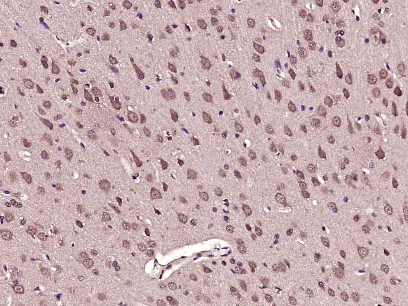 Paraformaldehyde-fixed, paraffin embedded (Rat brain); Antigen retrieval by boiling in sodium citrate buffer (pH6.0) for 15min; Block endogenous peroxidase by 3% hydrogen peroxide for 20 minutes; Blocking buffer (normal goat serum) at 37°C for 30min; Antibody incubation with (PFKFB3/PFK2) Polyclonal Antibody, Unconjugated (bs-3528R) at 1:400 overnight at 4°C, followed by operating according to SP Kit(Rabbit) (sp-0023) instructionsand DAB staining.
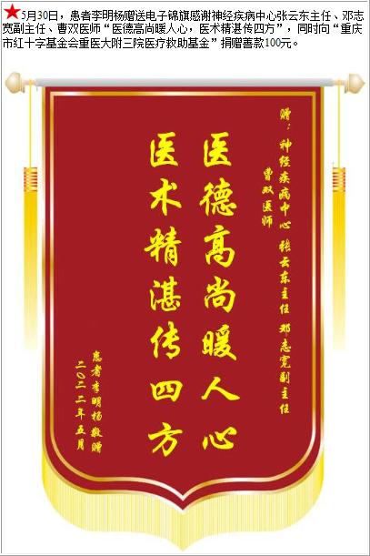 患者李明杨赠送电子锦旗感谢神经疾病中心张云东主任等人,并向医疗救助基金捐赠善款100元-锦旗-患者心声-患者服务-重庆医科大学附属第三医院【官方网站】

---

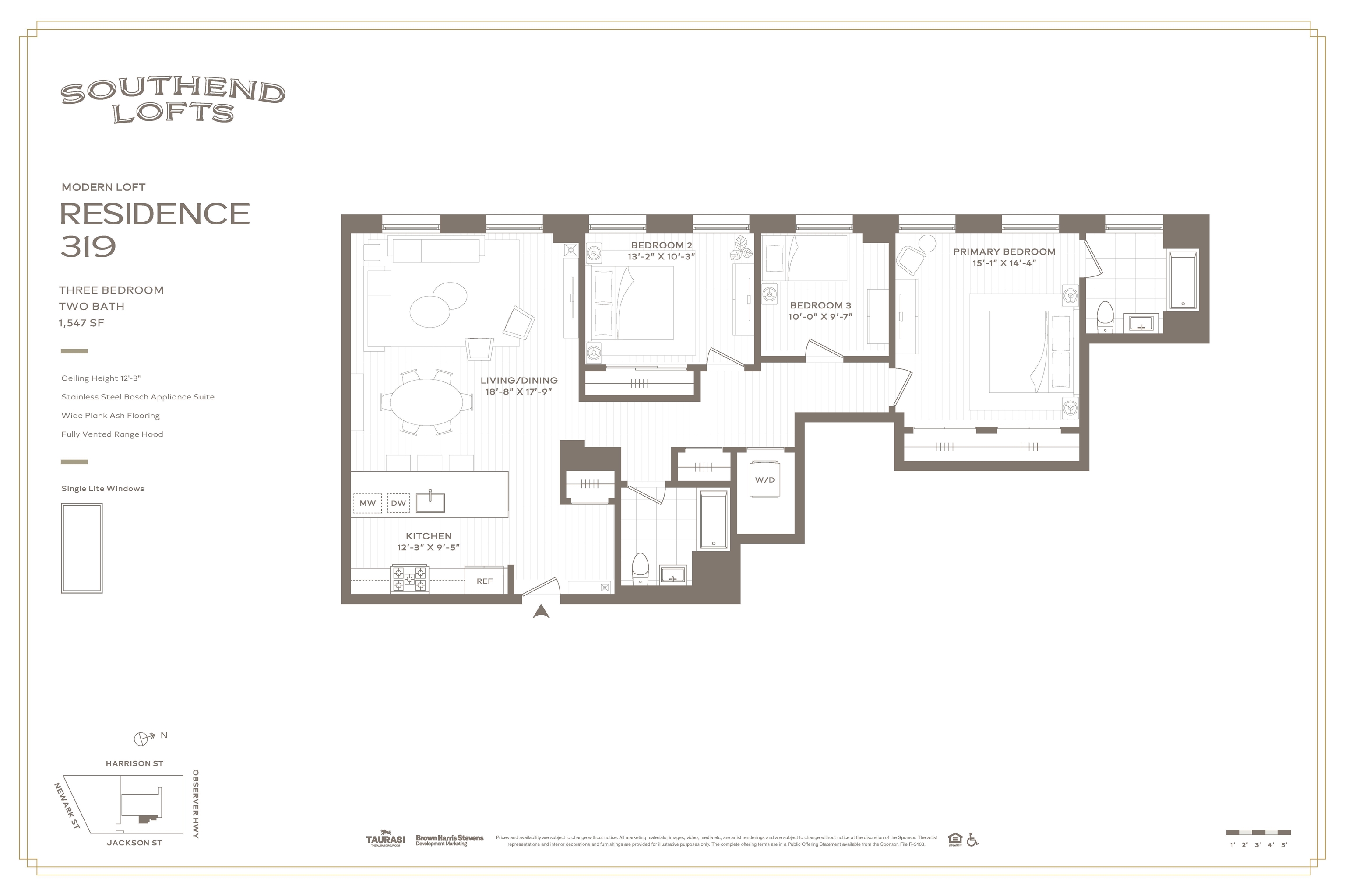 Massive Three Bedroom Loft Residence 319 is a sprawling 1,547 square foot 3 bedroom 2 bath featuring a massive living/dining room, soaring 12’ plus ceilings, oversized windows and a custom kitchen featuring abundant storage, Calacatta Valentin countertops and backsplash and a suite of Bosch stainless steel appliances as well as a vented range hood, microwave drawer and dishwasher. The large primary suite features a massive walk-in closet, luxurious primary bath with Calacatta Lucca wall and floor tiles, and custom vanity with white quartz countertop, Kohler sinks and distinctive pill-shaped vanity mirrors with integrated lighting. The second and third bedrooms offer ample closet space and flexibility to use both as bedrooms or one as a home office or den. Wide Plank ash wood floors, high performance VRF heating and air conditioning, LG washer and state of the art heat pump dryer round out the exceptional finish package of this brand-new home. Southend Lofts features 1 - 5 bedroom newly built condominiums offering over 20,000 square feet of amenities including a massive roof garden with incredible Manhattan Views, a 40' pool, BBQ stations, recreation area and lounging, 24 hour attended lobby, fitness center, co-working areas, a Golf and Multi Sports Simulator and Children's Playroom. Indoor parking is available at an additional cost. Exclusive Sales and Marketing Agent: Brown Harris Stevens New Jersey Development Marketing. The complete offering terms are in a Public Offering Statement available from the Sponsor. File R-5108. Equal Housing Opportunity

- [PROBLEM]: Although the records above contain pictures, the copy must not; set down exactly the lines from the one with "Paraformaldehyde-fixed, paraffin embedded" up to and including the one with "患者李明杨赠送电子锦旗感谢神".

- [REPLY]:
 Paraformaldehyde-fixed, paraffin embedded (Rat brain); Antigen retrieval by boiling in sodium citrate buffer (pH6.0) for 15min; Block endogenous peroxidase by 3% hydrogen peroxide for 20 minutes; Blocking buffer (normal goat serum) at 37°C for 30min; Antibody incubation with (PFKFB3/PFK2) Polyclonal Antibody, Unconjugated (bs-3528R) at 1:400 overnight at 4°C, followed by operating according to SP Kit(Rabbit) (sp-0023) instructionsand DAB staining.
 患者李明杨赠送电子锦旗感谢神经疾病中心张云东主任等人,并向医疗救助基金捐赠善款100元-锦旗-患者心声-患者服务-重庆医科大学附属第三医院【官方网站】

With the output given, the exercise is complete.